Migrate scripts that create records require an `INVENIO_TOKEN` or `TOKEN` variable in our environment or .env file. To create a token: sign in as an admin and go to Applications > Personal access tokens.

## Vocabularies

Invenio uses [vocabularies](https://inveniordm.docs.cern.ch/customize/vocabularies/) to represent a number of fixtures beyond just subject headings, like names, description types, and creator roles. They're stored under the app_data directory and loaded when an instance is initialized. Many of our controlled lists in contribution wizards and EQUELLA taxonomies will be mapped to vocabularies.

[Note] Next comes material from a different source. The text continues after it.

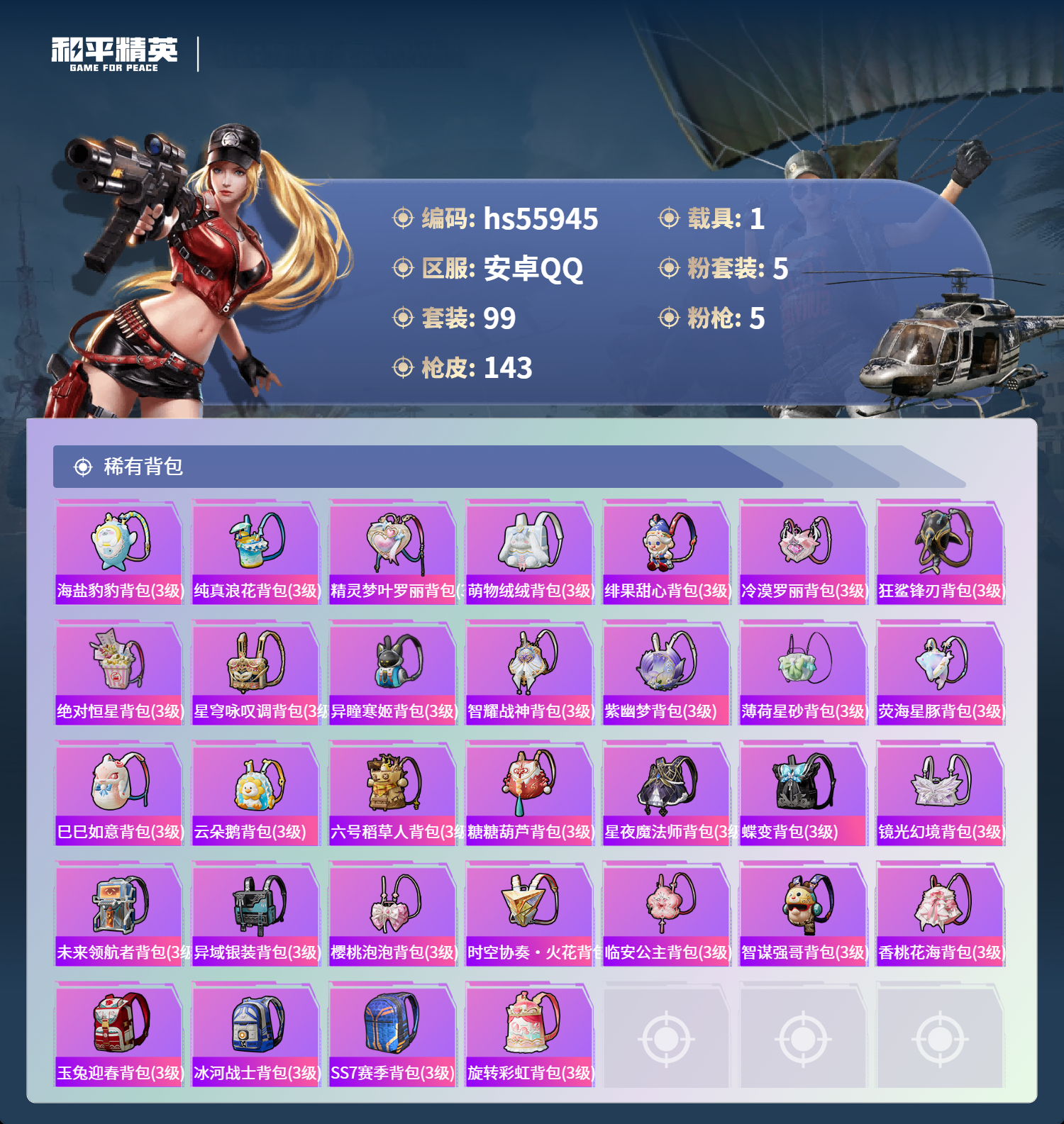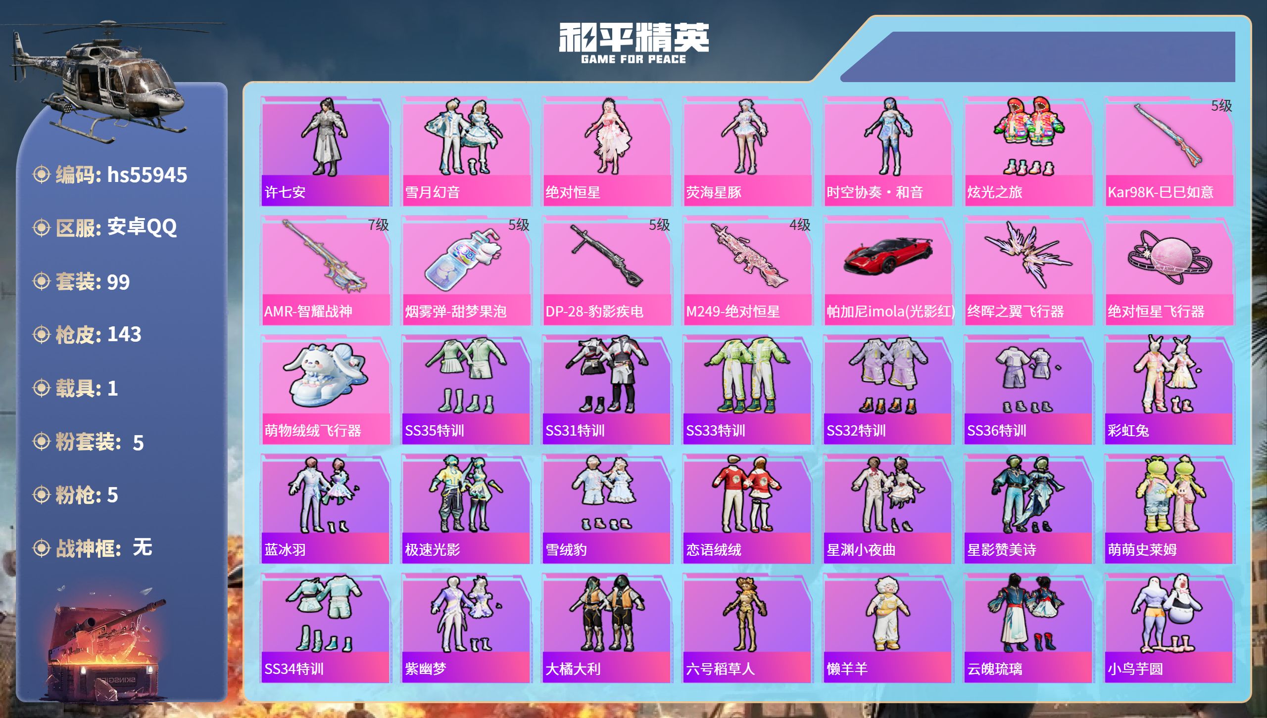 游戏区服:和平精英 / 安卓系统 / QQ账号

The **taxos** dir contains exported EQUELLA taxonomies and tools for working with them. The **vocab** dir contains YAML files for Invenio vocabularies.

### Subjects

We create two subject vocabularies: one for Library of Congress subjects with URIs from one of their authorities and one for CCA local subjects not present in any LC authority.

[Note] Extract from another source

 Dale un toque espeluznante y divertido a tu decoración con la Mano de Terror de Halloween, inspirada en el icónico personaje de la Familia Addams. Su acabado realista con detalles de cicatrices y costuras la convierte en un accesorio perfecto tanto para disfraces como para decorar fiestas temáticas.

Download our [subjects sheet](https://docs.google.com/spreadsheets/d/1la_wsFPOkHLjpv4-f3tWwMsCd0_xzuqZ5xp_p1zAAoA/edit#gid=1465207925) and run `python migrate/mk_subjects.py data/subjects.csv` to create the YAML vocabularies in the vocab dir (lc.yaml and cca_local.yaml) as well as migrate/subjects_map.json which is used to convert the text of VAULT subject terms into Invenio identifiers or ID-less keyword subjects.

Copy the YAML vocabularies into the app_data/vocabularies directory of our Invenio instance. The site needs to be rebuilt to load the changes (`invenio-cli services destroy` and then `invenio-cli services setup` again). Eventually (Invenio v12) there will be a CLI command to alter vocabularies without rebuilding the site.

## Creating Records in Invenio

- **migrate/record.py**: Converts EQUELLA item JSON into Invenio record JSON
- **migrate/api.py**: Converts an item and `POST`s it to Invenio to create a record
- **migrate/import.py**: Imports an item _directory_ (created by [the export tool](https://github.com/cca/equella_scripts/tree/main/collection-export)) with its attachments to Invenio

To use these scripts, we must create a personal access token for an administrator account in Invenio:

1. Sign in as an admin
2. Go to **Applications** > **Personal access tokens**
3. Create one—its name and the `user:email` scope (as of v12) do not matter
4. Copy it to clipboard and **Save**
5. Paste in .env and/or set it as an env var, e.g. `set -x INVENIO_TOKEN=xyz` in fish

Below, we migrate a VAULT item to an Invenio record and post it to Invenio.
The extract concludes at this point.